More

serentty · on June 7, 2023

The narrative that Han unification is this thing imposed by ignorant westerners on East Asian computer users is simply not true. The criteria for which characters were unified was mostly based on the criteria used in legacy East Asian encodings, which already had to deal with the question of what counts as the same character and what does not.

Unicode has round trip compatibility with the old encodings, too, without the use of any of that extra metadata, which is only used for incredibly minor character variations which are pretty much never semantically meaningful the way capitalization is. A human copyist might change one for another in copying a text by hand, just as when copying English, you do not consider it semantically meaningful whether lowercase “a” is drawn as a circle and a line, or a circle and a hook.

mikepurvis · on June 7, 2023

Is there a longer-form piece that would be helpful for me to read giving more of this perspective and showing receipts on it? As someone with little knowledge outside the Wikipedia article, it seems to me most damning that Shift JIS is still so popular in Japan.

kps · on June 7, 2023

Unicode 1.0 Volume 2 Chapter 2 — https://www.unicode.org/versions/Unicode1.0.0/V2ch02.pdf

serentty · on June 7, 2023

I wish I could think of a good long form article about this. The best I can immediately think of is a pretty informative FAQ about Japanese encoding.

https://www.sljfaq.org/afaq/encodings.html

What I will point out though, that you can easily verify with a simple search, is that Shift-JIS can be represented losslessly in Unicode, and that this has been true for as long as Unicode CJK has existed.
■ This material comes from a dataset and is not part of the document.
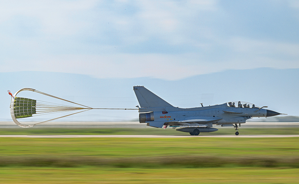 秋日,空军航空兵某旅组织飞行训练。图为战机着陆滑行。靳航宇摄

The continued popularity of Shift-JIS is worth noting, but it is also important to note that its continued use is not a stable thing, and has been declining for two decades. The most popular websites in Japan no longer use it, and among smaller websites, the percentage that use it gets smaller each year. Secondly, there is absolutely no benefit to the user in terms of that can be encoded and distinguished, because it will get converted into Unicode at some stage in the pipeline anyway. Any modern text renderer used in a GUI toolkit will use Unicode internally. “Weird byte sequences to indicate Unicode characters” is really all that legacy encodings are from the perspective of new software. They are essentially just incompatible ways of specifying a subset of Unicode characters.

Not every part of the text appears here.